Various Lies

Thursday, May 13, 2010

Sometimes you got it...and sometimes you really, really don't

I pride myself on being somewhat of a wordsmith. I do a lot of editing and writing, both scientific and technical and non-sci/tech (2pts). Sometimes, when blogging, it's easy to get lazy and just spew out a train of thought (2pts), and I often regret those posts. I rarely re-edit once I've posted something though; I prefer to get my thoughts out when I can in a medium such as this.

I used to write a lot for an e-Zine,and although still nominally on their staff I haven't submitted anything for over a year. I did a bit of editing, but finishing my postdoc and changing jobs removed a lot of the ire that fueled my creative juices (2pts). And now a lot of my job is writing and editing so I get a little less joy from just writing for the hell of it (proper, crafted pieces, as opposed to a 500 word blog post).

Over at The Hermitage recently, our heroine, The D-List Monktress was bemoaning having to write, and at VWXYNot, Cath posted something about the writing process that was apposite to your hermitage's woes (although I can't find it now). Cath's post was of something her PhD advisor gave her to help her with the writing process, with the block that can from having too many ideas in your head to get them out, that your perfectionist nature makes you want to get it write (boom boom!) first time. The gist of the piece was the best advice a writer ever gets:

JUST FUCKING WRITE IT



It will never come out perfect first time, so just get the ideas out and edit, edit, edit, edit. And it is this self-editing that I think is a key to the process of becoming a better writer.

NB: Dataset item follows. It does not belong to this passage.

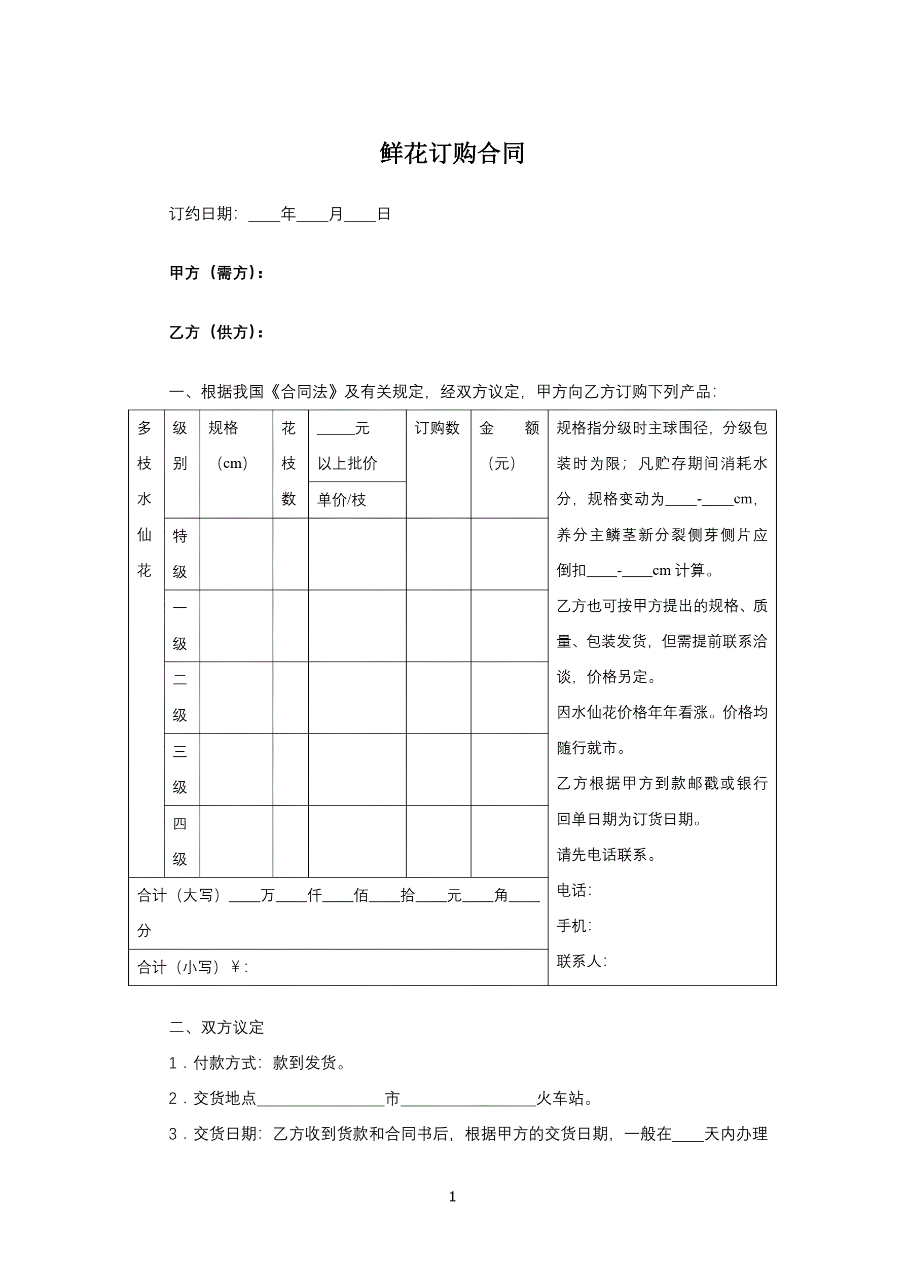 >鲜花订购合同

However, one must first get the thoughts out, so here in its unabridged glory, is the abstract I wrote yesterday when I was braindead after a 2 hour meeting planning a clinical trial grant resubmission I'll be working on. Time to edit methinks...

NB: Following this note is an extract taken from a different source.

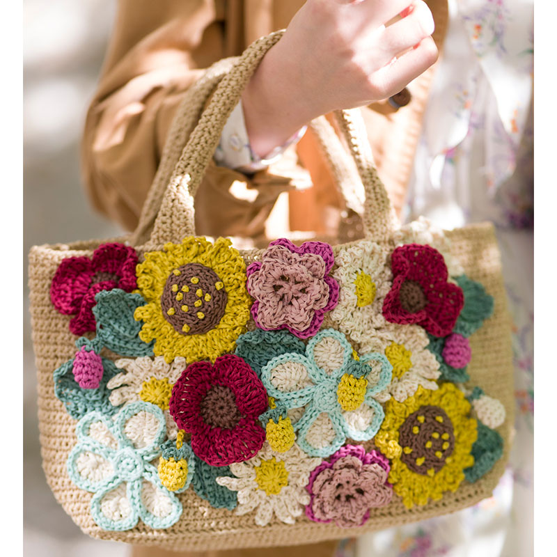 大好きな花々で思いきり飾ったカラフル小物とお出かけするのは、なんだか冒険に出かける気分! 新しい季節に新しいものを新調する喜びを夢見ながら、一輪、また一輪と花束を大きくするように花モチーフを編みためましょう。

"Most experimental science generates vast amounts of data, and analysis needs are often unmet. Behavioral neuroscience is no exception to this, and we find ourselves at the brink of a precipice, to fall into which will be to admit the loss of serendipitous discovery because we are overwhelmed by the mountain of data on the other side of this awful mixed metaphor. blah blah science and shit This is clearly totally awesome and will help overworked scientists to find some really cool and likely groundbreaking new shit. Fuck yeah."

7 comments:

Cath@VWXYNot? said...

Love it! I've written a few things that look like that myself over the years. It's still easier to edit even this kind of first draft than to write from scratch, sometimes!

BTW this is the link you were looking for. Possible explanation for lastminutitis also included :)

Anonymous said...

Surely nobody who writes this well also writes that badly?

-antipodean

tideliar said...

@Cath: That's the chap! Cheers. There is much wisdom in that thar link...

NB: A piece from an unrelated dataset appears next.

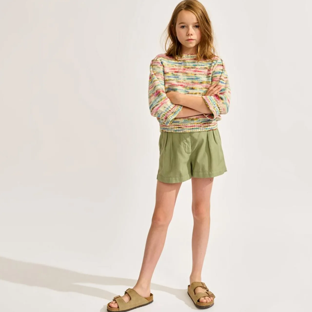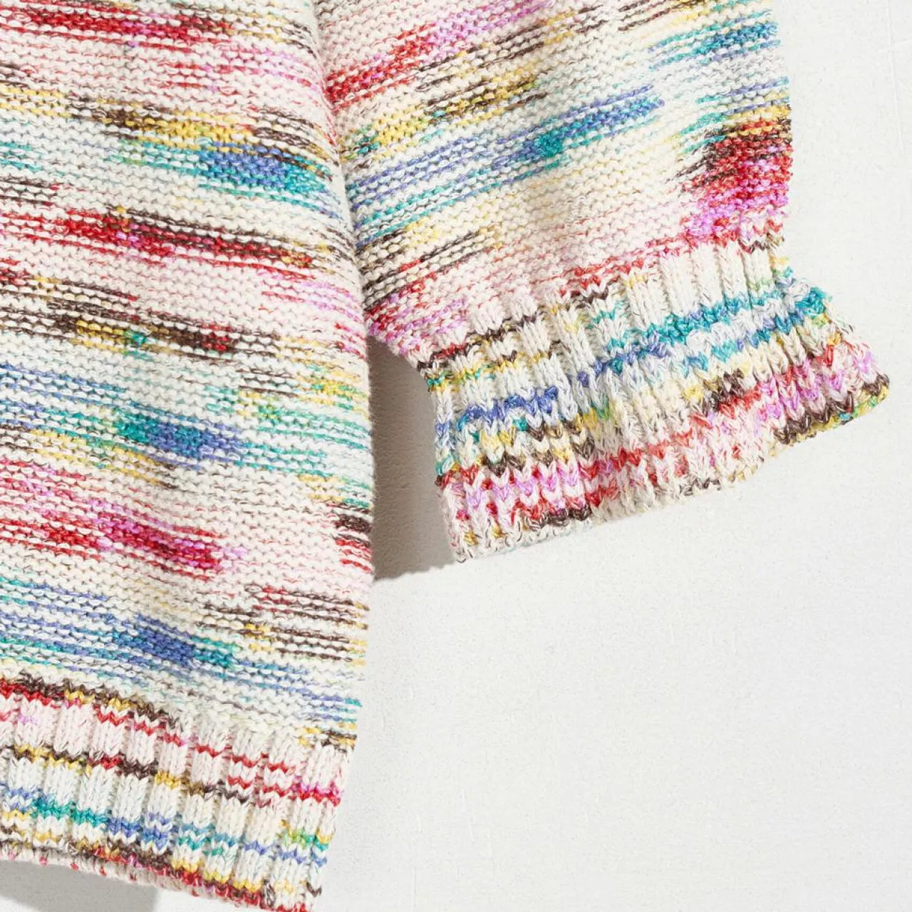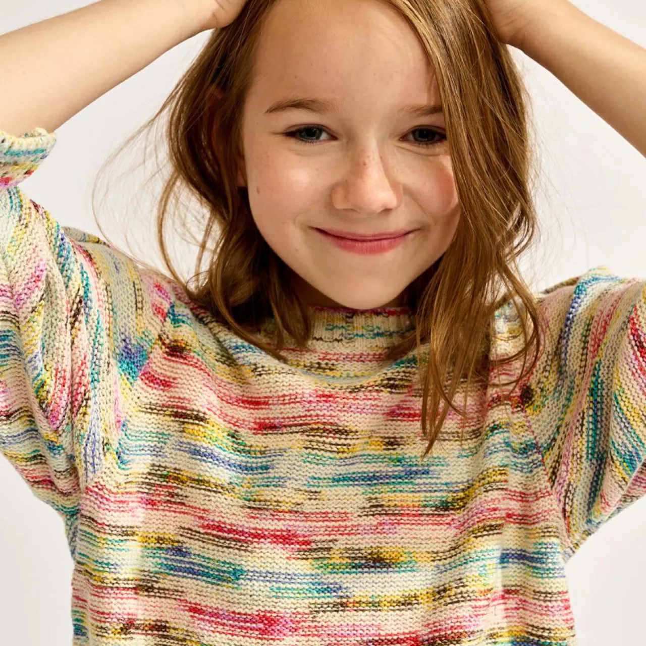 Le pull GETOX est tricoté à partir d’un mélange multicolore de coton et polyester recyclé

@Antipodean: Tis a gift, to be sure...

Dr.Girlfriend said...

For me writing is a lot like carving a statue.

First I generate pages and pages of information. Then begins the process of removing all the crap, and shaping what is left. Editing is like polishing it at the end.

P.s I am about to leave the bench and try to break into a career in science journalism/communication.

Dr Becca, PhD said...

I would fund that grant, exactly as it is!!!

I write painstakingly slowly, but need almost no editing when I'm finished. Kind of the opposite of Dr GF--I guess I'm the painter to her sculptor? Slow, carefully placed brushstrokes, an accent here, a shadow there. Etc.

tideliar said...

I Dr GF, and hey Dr. Becca! Thanks for stopping by,

Comparing all y'alls styles I think I'm more like Dr. GF. I used to write like Becca, and that's the way my PhD Mentor tired to train me. He wrote/writes *SO FUCKING SLOWLY*, but it is perfect and rarely needs any editing. I remember my first grant application in his lab, he sat me down in his office and we went through my writing line-by-line. It took WEEKS.

tideliar said...

Oh yeah, Dr. GF, good luck! I'll be following your adventures on your blog I hope! It's hard going getting the break, so be prepared for some knock-backs. A friend of mine just got her break, but it took a year and changing country to finally get a permanent job.